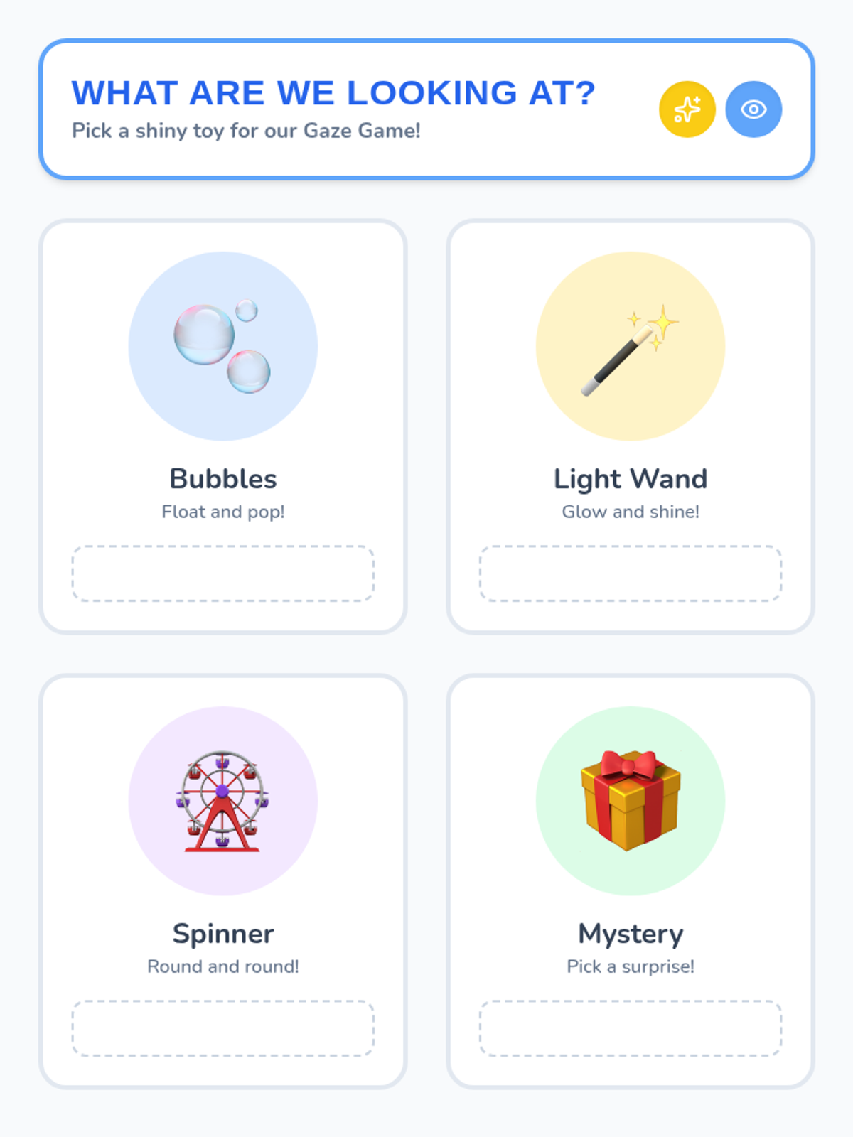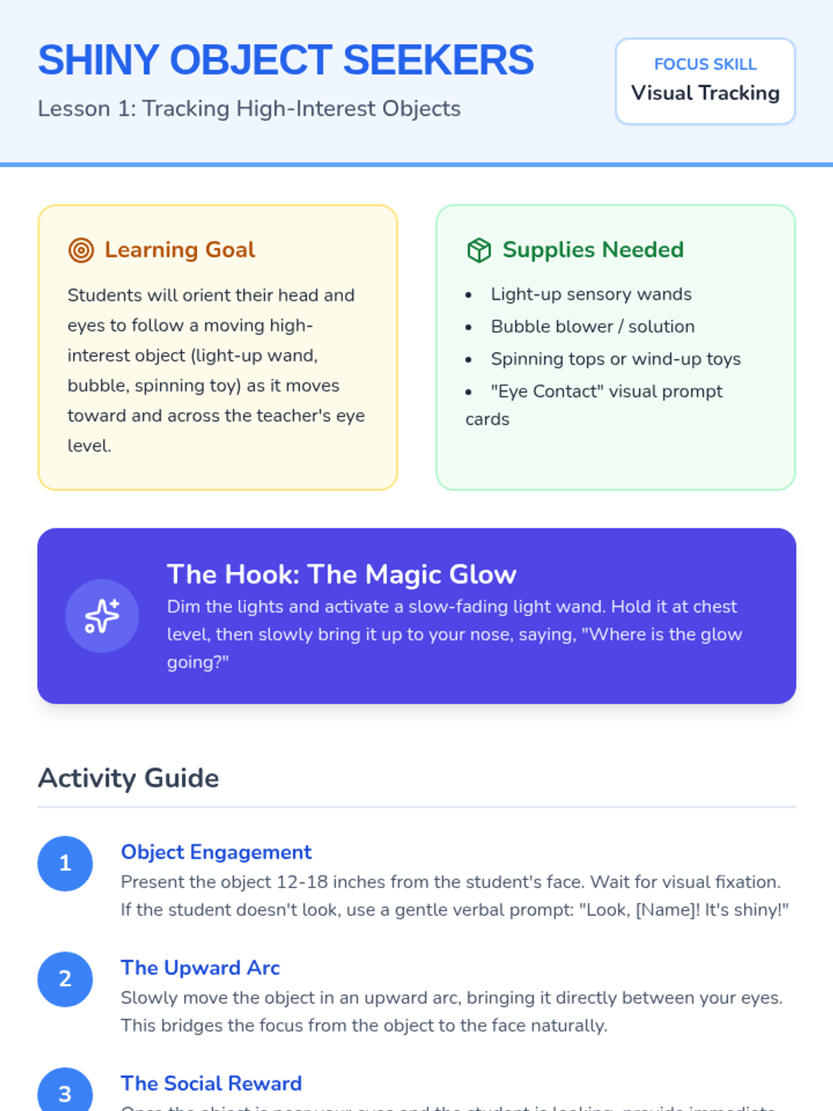 Students practice visual tracking and orientation by following brightly colored or light-up objects moved near the teacher's eyes, bridging the gap between looking at toys and looking at faces.
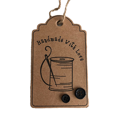 Stor plass på baksiden til å skrive informasjon om plagget du har laget.
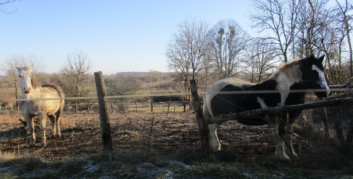 Quel soleil radieux, quel ciel bleu, quel temps magnifique pour sortir et aller marcher. Nous avons rendez-vous à Mardor pour 14h00. Ayant regardé google avant de partir, 2 itinéraires sont affichés pour s’y rendre : le 1er par Beauchemin et le 2ème par Vieux-Moulins. Venant de Sts-Geosmes, il m’était plus facile de passer par le second, sauf que le cheminement à l’écran était différent de la réalité du terrain. C’est ce qui nous a valu d’arriver à destination avec un peu … beaucoup de retard. On aura prétexté toutes les excuses possibles, à savoir : un convoi exceptionnel, une manif des gilets jaunes, une route glissante le jour de mardi gras et j’en passe… Personne ne nous a cru et c’est ce qui nous a valu une huée de la part des autres marcheurs. Nous sommes quand même entre quarante et cinquante à s’élancer pour une petite marche de 6 kms dans la plaine sans grand dénivelé. Seule curiosité : le bassin de rétention de digestat provenant du méthaniseur proche, qui permet aux agriculteurs de prélever et répandre le compost sur leurs exploitations. En arrivant au village, on a cru être arrivés au paradis ! Mais il paraît que l’enfer est dans le pays voisin, alors montons vite dans nos voitures et rentrons chez nous … par la bonne route cette fois-ci !
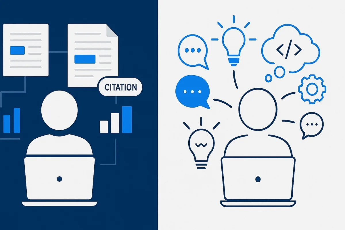 | Citations | Strong; Inline citations link directly to source passages | Weaker; Sourcing from uploads less direct/reliable, may blend with general knowledge |

EXERCISE GOAL
Give again, exactly, the lines from the start of the data through the one holding "Stor plass på"; omit the pictures.

EXERCISE RESULT
 Students practice visual tracking and orientation by following brightly colored or light-up objects moved near the teacher's eyes, bridging the gap between looking at toys and looking at faces.
 Stor plass på baksiden til å skrive informasjon om plagget du har laget.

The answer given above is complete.